Last Saturday Lyra was sad and I thought she might want to be back in the womb. So I strapped her to my tummy and walked along a foresty path towards the sea. The next best place I know to where she had come from. It was all going fine until I stopped with a fright and she started crying again. Even closer than a foot from us was a green snake. Just blatantly sliding around a tree.
So I said to her, in a lilty voice: that snake, is not a snake to be upset about. Even if it is poisonous. Because we can see that snake. Simply out and about on a tree. With it’s pretty spots and a very long tail.
I said that even if my friend Ernest is right and that snake is not what it seems, but in fact an ancestor come back as a snake to say hi, we still don’t need to be at all worried. Even fake snakes are okay, if you can see them. Even if our ancestors were scary and detached and depressed and really unaffectionate and mean, this was because they lived through hard times, like the war. And people who live through wars see the worst things and then they have shell-shock and post-traumatic stress disorder and go all numb and sometimes can only think about their own pain and then they kill themselves. So we must try and forgive them and be understanding, when they come to visit us.
And then I told Lyra about the time Ernest brought a python to my house in his van. He rang the bell and said, Jess, I have something to show you. So I went downstairs and there was an alive python and a dead goat. He said the python had gone into his neighbour’s house in the night and they wanted to kill it but they were too scared, so they phoned him for help. Luckily. Because Ernest knows you must never kill pythons. Pythons are Royal Ancestors. Instead you must kill a nearby baby goat. Then put them both into your van while you are at work and then later on set them free in a nature reserve.
Ernest knows all this because he really loves and understands animals. Including fake spirit animals. He said when he was child he used to watch cats all the time. So he could sit in a tree and pounce on birds and catch them. But he never ate them. He showed me so many pictures on his phone of animals he has rescued. Donkeys with sore ears, lots of three-legged dogs, half-dead pigeons. Even unhappy and lost cows. Pythons are just big and needy and a bit smothering in their affection. So if they hug you: don’t move at all. Don’t even breathe. Just ignore them. Then they will eventually let you go.
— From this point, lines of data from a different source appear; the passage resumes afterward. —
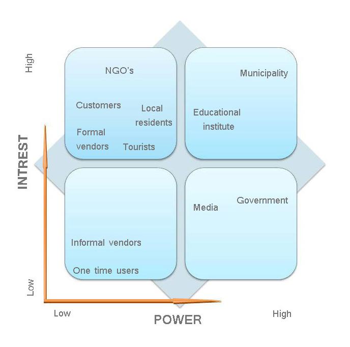 Different stakeholders of the study area were identified. A stakeholders mapping was done to analyze the power and interest of the stakeholders who affect or are affected by the outcomes.
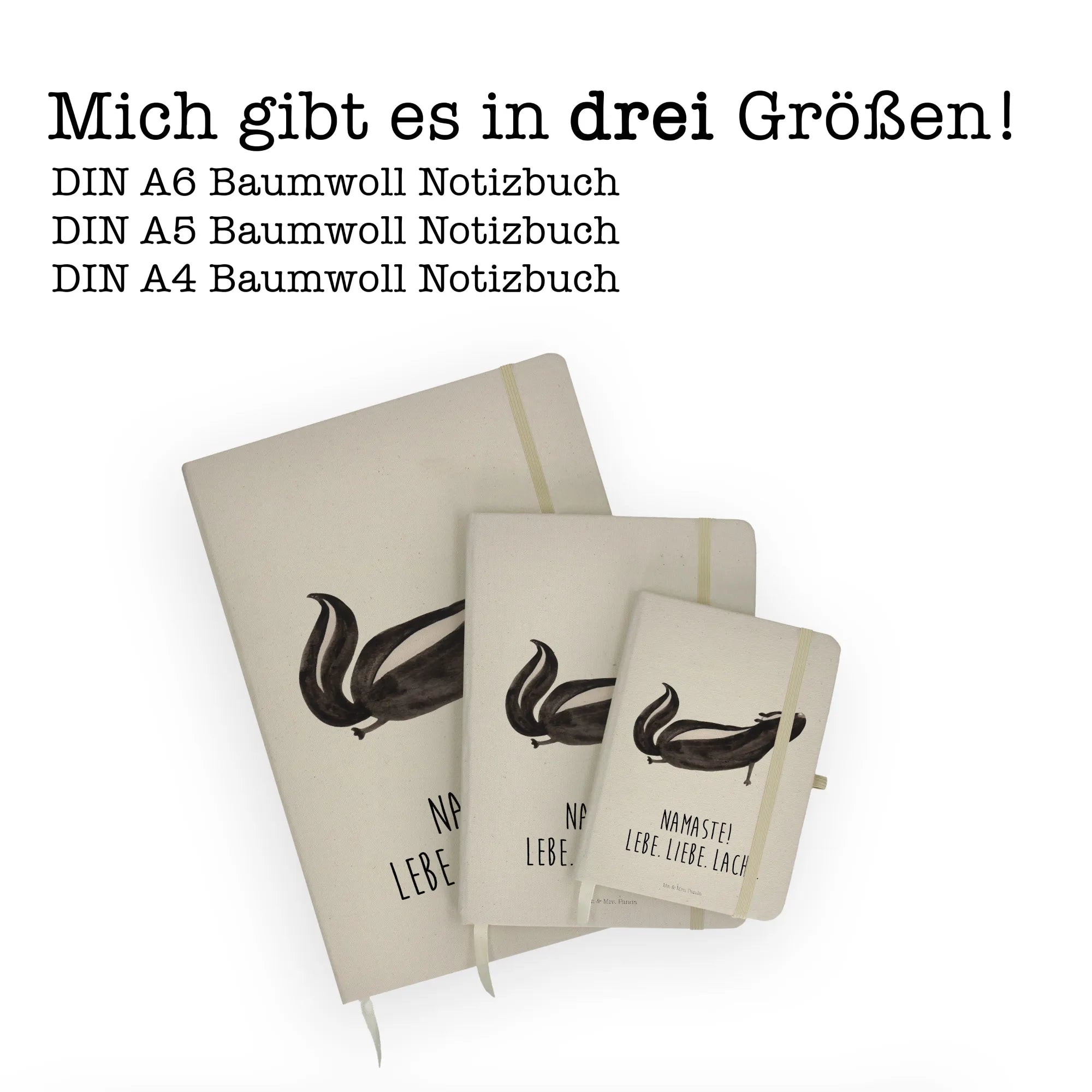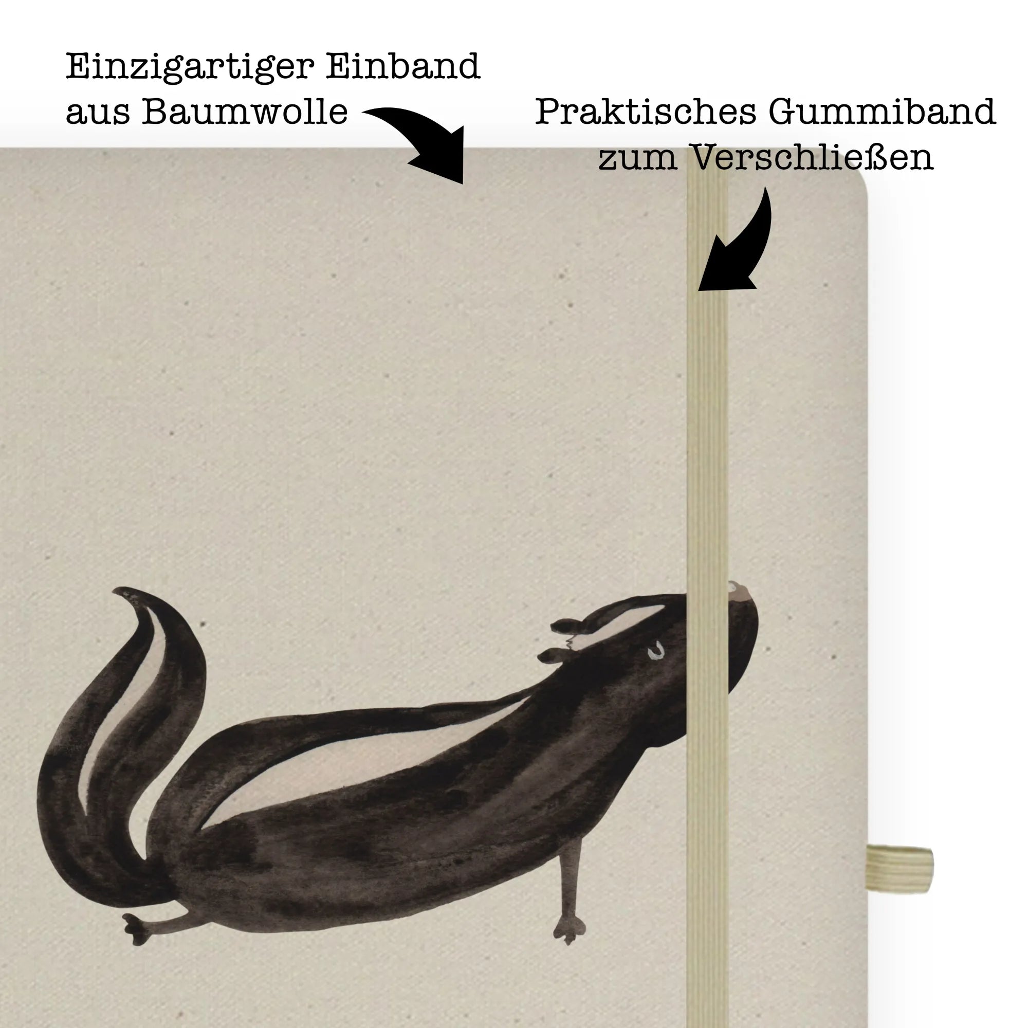Bawełniany notatnik DIN A4 skunks Joga - DIN A4 Baumwoll Notizbuch - z napisem
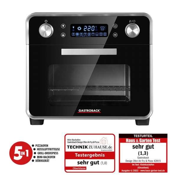 5 in 1: Pizza oven, hot air fryer, mini oven, rotating grill spit and dehydrator
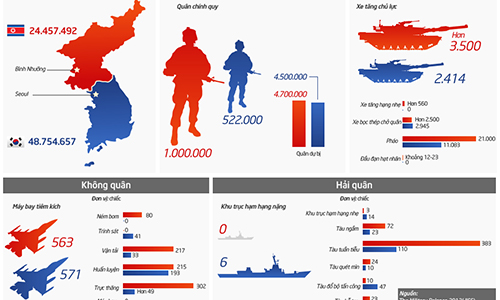 Tương quan lực lượng hai miền Triều Tiên .
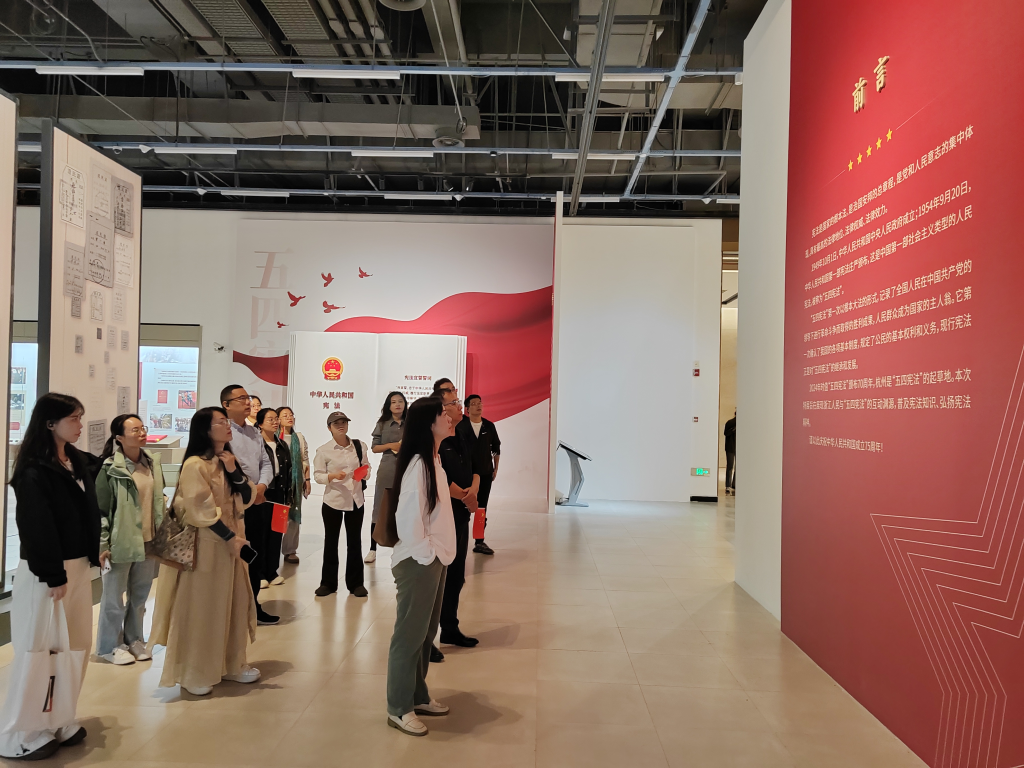 在省博之江館“‘五四憲法’的故事——紀念中華人民共和國第一部憲法頒布70周年”特展,大家重點學習了新中國第一步憲法(五四憲法)起草的時代背景和起草、討論、通過到實施的“誕生”全過程。在中國美術學院“為新中國設計——慶祝中華人民共和國成立75周年”系列特展,大家認真了解了新中國初期國旗、國徽、人民大會堂等重大設計過程和各時期的設計文化面貌。

Even if you see a cobra, it is fine. They are just a little bit insecure and lonely. You just have to talk to them. My friend once told me about when a cobra came right up to her. It seemed to be very cross and put its hood up and hissed at her. But she just calmly said to the cobra, you don’t have to be so angry. You are a snake, but it isn’t your fault. Just like I am Aquarius and I can’t help that. You are very beautiful and you need to just chill. And after a while it calmed down and went off into the trees.
All of these snakes are okay, I said to her. Because we can see them. The only very bad snakes are called snakes in the grass. There really is no solution to these snakes and I don’t know what happened to make them such assholes. And they are always a surprise so there is no point in knowing about them in advance. Maybe you will never meet one and that will be wonderful. Because if you do, you won’t want to skip through a meadow of poppies with only your flip-flops on ever again. And that will be a very sad day.